トントン。テンテケテケテケ…。おなじみのはやしが場内に響き渡ると、拍手に迎えられ、まず羽織はかまの三遊亭神楽さんが高座に上がる。前月17日に行われた旅館水明荘での寄席は“満員御礼”。話題は野田の時事ネタから江戸の遊郭へと移っていく。
「野田・わいわい亭」の発起人の一人で世話人の斎藤さんは、会場の片隅で、目を細くして静かに寄席を見守る。社会保険労務士として会社の経営やコンサルタントをしている斎藤さんは以前から「生まれ育った野田にご恩返しをしたい」という思いを胸に秘めていた。そんな時、ある新年会で高校の後輩だった落語家の三遊亭とん楽さんと隣り合わせに。我孫子在住のとん楽さんや山遊亭金太郎さんらと「野田に笑いの風を吹かせよう」と意気投合。出前寄席「野田・わいわい亭」が平成11年11月にスタートした。以来、毎月第3水曜日に開き、毎回4人のはなし家が登場。
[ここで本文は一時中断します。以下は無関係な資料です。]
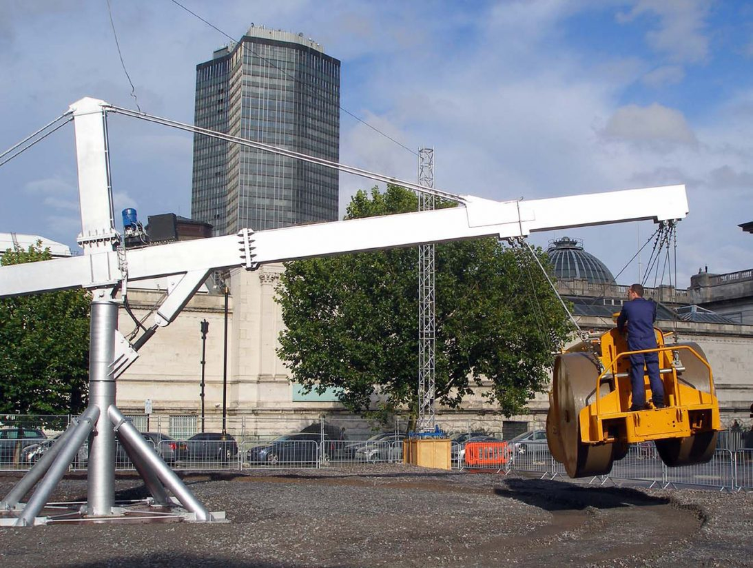 En sculpture, la gravité est inévitable et je suis bien souvent confrontée à trouver un moyen de la contourner ou du moins travailler de façon à la contrebalancer. Dans The Flying Steamroller, Chris Burden pousse à l’extrême l’utilisation du contre-balancier en soulevant de terre un rouleau compresseur pivotant autour d’un axe (Burden et Perrin, 1995). La sculpture-performance semble invraisemblable, comme si le poids n’avait plus d’importance. Quelque chose me pousse à vouloir saisir cette force, la comprendre et pousser ses limites.
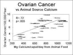 Ovarian cancer also appears related to animal food consumption (28). Animal source Calorie intake showed the highest positive correlation (R=.81, p<.007). Plant source Calories were protective, with an R value of -.62 and p<.005. Animal source calcium intake was also a risk, with an R value of .72, p=.0005.
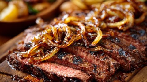 A sliced cut beef marinated and grilled served with rice or fries or mashed potatoes

会場は中高年者に埋め尽くされ、ことし2月に総入場者が3000人を突破。木戸銭が“70歳以上無料”という心配りも人気の秘密だ。
「無料で会場を提供してくだされば、市内どこにでも行きます」というスタイルで、会場は旅館、スーパー、神社の境内、自治会館、イタリアンレストランなどさまざま。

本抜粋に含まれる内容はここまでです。